これだけ賃貸需要がある地域は他にありません。さすが日本の首都ですね。
地方は賃料下落が早い
一方、地方は都心より人口が少なく、持ち家が浸透しています。持ち家があれば、賃貸の需要は減るのでそれに伴って賃料の下落率は大きくなりますね。
水戸や宇都宮、高崎等の地方都市の区分でも10年で15%程は下落しますので注意が必要です。
特に木造アパートは築30年も経てば新築時と比べて約半分ほどまで家賃収入が落ちるイメージで構いません。
地方は賃料下落が激しい分、都心に比べて物件価格が安くローンを組みやすい傾向にあります。

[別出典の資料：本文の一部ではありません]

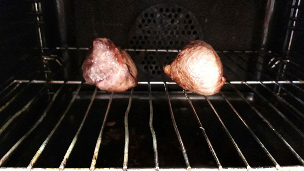 Bagam friptura la cuptorul preincalzit, la 110 grade, 40 minute pt medium rare sau 50 minute pt medium done. Tineti minte, lichidul rosiatic de la medium rare e apa cu o proteina din carne, nu are legatura cu sangele, asa cum credeam;)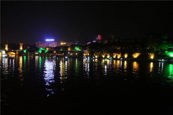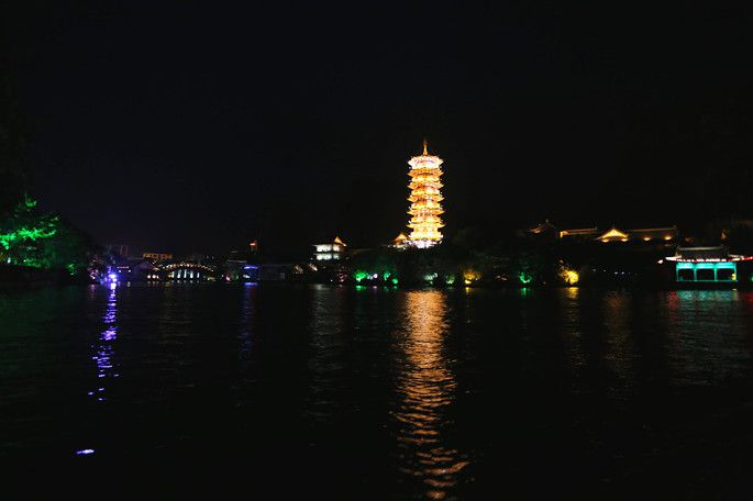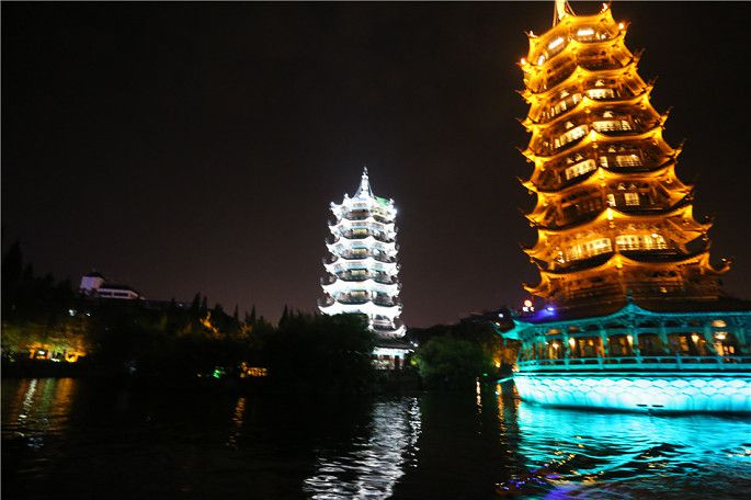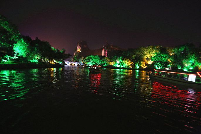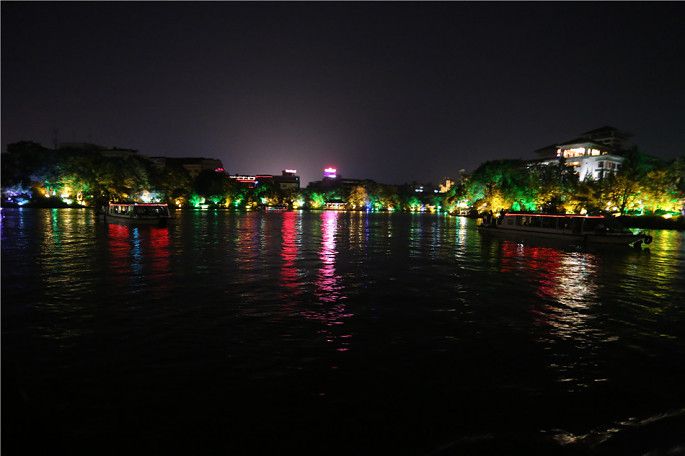 两江四湖是指由漓江、桃花江、榕湖、杉湖、桂湖和木龙湖所构成的桂林环城水系,是桂林城市中心最优美的环城风景带。“千山环野立、一水抱城流”主要就是指的此处。两江四湖静静的环绕着桂林市区,山以水为血脉,故山得水而活;水以山为颜面,故水得山而媚。夜晚的两江四湖景区在五彩缤纷的灯光照射之下,城在景中,景在城里,让人分不清楚到底是城、还是景。

比較的利回りも高く設定されていますので収益性は一長一短ですね。
主要施設の移転
有名大学や大きな工場など、人を集める施設の近くに投資物を持っていると集客に困りません。
よくあるのが、
- 大学と提携して借り手の紹介をしてもらえるケース
- 工場を持つ法人が一棟借り上げしてくれるケース
- 行政から生活保護者を紹介してもらえるケース
などですね。
しかしながら、それらの施設が移転や閉鎖されると強烈に収益が落ち込みますから注意が必要です。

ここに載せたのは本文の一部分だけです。